Arguments are the **logical sequences** that connect premises to conclusions:
- They explain HOW the methodology works
- Often become the step-by-step workflow
- Show dependencies and order
- Reveal decision points

**Adler's rule:** "Know the author's arguments by finding them in sequences of sentences."

**Mental model:** Arguments are like algorithms - step-by-step logic from inputs to outputs.

Without argument extraction: missing the procedural flow, unclear how to apply the methodology, no decision logic.

### WHAT to Extract

**Look for:** If-then sequences, step sequences, causal chains, decision trees. Signal phrases: "the process is", "follow these steps", "this leads to".

**Format per argument:** Name, Premise, Sequence (numbered steps), Conclusion, Decision points.
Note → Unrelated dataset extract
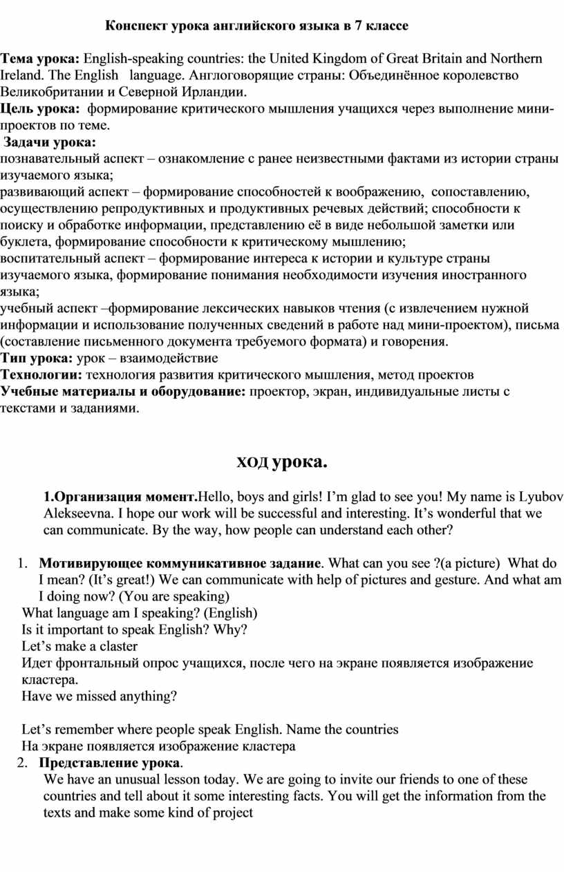 Конспект урока английского языка в 7 классе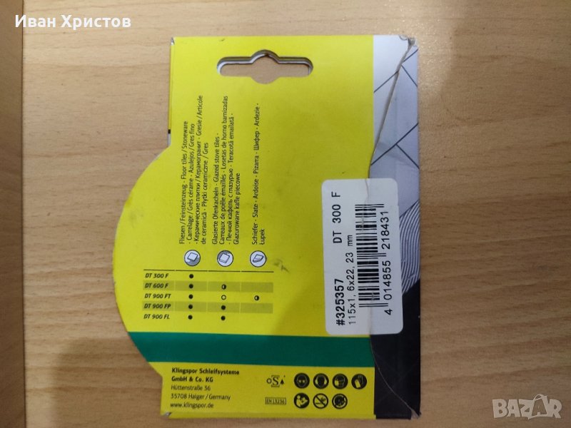 Диамантен диск за рязане на облицовъчни плочки, диаметър 115 мм.Диамантен диск за рязане на фаянс Klingspor DT 300 F c диаметър 115 мм и вътрешен отвор 22.23 мм. Ширината на сегмента е 1.6 мм, а височината 7 мм. Подходящ е за рязане на облицовъчни плочки.

**Map to workflow:** Sequential → linear steps; Decision-tree → branching; Parallel → optional/modular.

---

## Why Extract Solutions

### WHY Solutions Matter

Solutions are the **practical applications** and outcomes:
- They show what success looks like
- Often become examples in your skill
- Reveal edge cases and variations
- Demonstrate application in different contexts

**Adler's rule:** "Determine which of the problems the author has solved, and which they have not."

**Mental model:** Solutions are the "proof" that the methodology works - concrete instances of application.

Without solution extraction: theoretical skill without practical grounding, unclear what success looks like, no examples.

### WHAT to Extract

**Look for:** Examples, case studies, templates, before/after, success criteria. Types: worked examples, templates, checklists, success indicators.

**Format per solution:** Name, Problem, Application (how methodology applied), Outcome, Key factors, Transferability.

**For templates:** Name, Purpose, Structure outline, How to use (steps), Example if available.

---

## Write Step 3 Output

After completing extraction from all sections and getting user validation, write to output file:

```bash
cat > "$SESSION_DIR/step-3-output.md" << 'EOF'
# Step 3: Component Extraction Output

## Key Terms (5-15)

### [Term 1]
**Definition:** [Clear definition]
**Context:** [Why it matters]

### [Term 2]
...

## Core Propositions (5-10)

1. **[Proposition title]:** [Statement]
   - Evidence: [Support]
   - Implication: [For practice]

2. **[Proposition 2]:** ...

## Arguments & Sequences

### Argument 1: [Name]
**Premise:** [Starting condition]
**Sequence:**
1. [Step 1]
2. [Step 2]
**Conclusion:** [Result]
**Decision points:** [Choices]

### Argument 2: ...

## Solutions & Examples

### Example 1: [Name]
**Problem:** [Context]
**Application:** [How applied]
**Outcome:** [Result]

### Example 2: ...

## Gaps Identified

- [Gap 1 to address in synthesis]
- [Gap 2]

## User Validation

**Status:** [Approved / Needs revision]
**User notes:** [Feedback]

EOF
```

**Update global context:**

```bash
cat >> "$SESSION_DIR/global-context.md" << 'EOF'

## Step 3 Complete

**Components extracted:** [X terms, Y propositions, Z arguments, W examples]
**Gaps identified:** [List if any]

EOF
```

**Next step:** Step 4 (Synthesis) will read `global-context.md` + `step-3-output.md`.